As far as I can tell, the BBC is the first large (or even medium) news service to try Ogg. Here is last year's announcment on Slashdot about the start of the test."
"Sounds cool." blocksetter writes: "Cool Chips plc appreciates the interest of the Slashdot community. We've made an effort to address the points raised in last week's discussion of our technology and we've posted the resulting FAQ on our site. In the interest of conserving bandwidth, a text-only version is available for your viewing pleasure. We would like to thank everybody whose questions and criticisms inspired us to do this.
If there is something we haven't covered, you can also write directly to Cool Chips President Isaiah Cox, or to myself, Company Wonky Chris Bourne."
Click here or here.
I think the record wasn't just that they transmitted at that speed, but that they did it over the massively long distance which they did, over oceans and all. I don't think an intra-Canadian network can really claim that they transmit as far.

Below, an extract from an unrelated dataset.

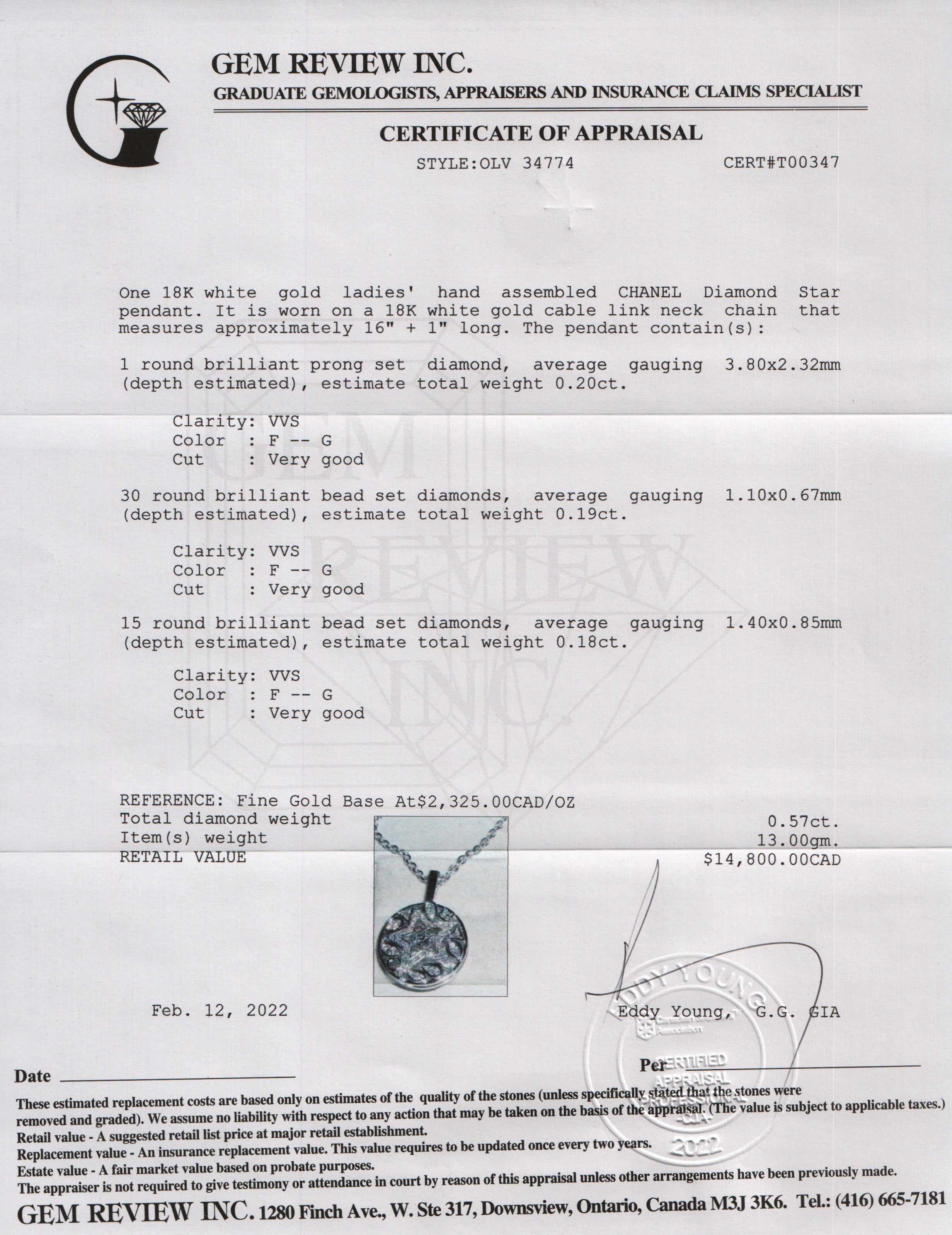 Included Items: Original Chanel Pouch & Gem Review Appraisal

Man, I hope they find a lot of good child actors. With the exception of the sixth Sence and the City of Lost Children I have yet to see an excellent job done by a child filling a more adult personality.
(/local/home/curiosity)-#who -u|grep thecat|cut -c 44-49|xargs kill -9
Now's the chance to add any words of encouragement to the BBC regarding Ogg, especially since, perhaps by oversight, RealOne (formerly RealPlayer) is now only available for Windows 98, 2000, ME, NT and XP.
WinAmp has support for playing Ogg Vorbis files.
Funny someone would name an encoding format after a caveman...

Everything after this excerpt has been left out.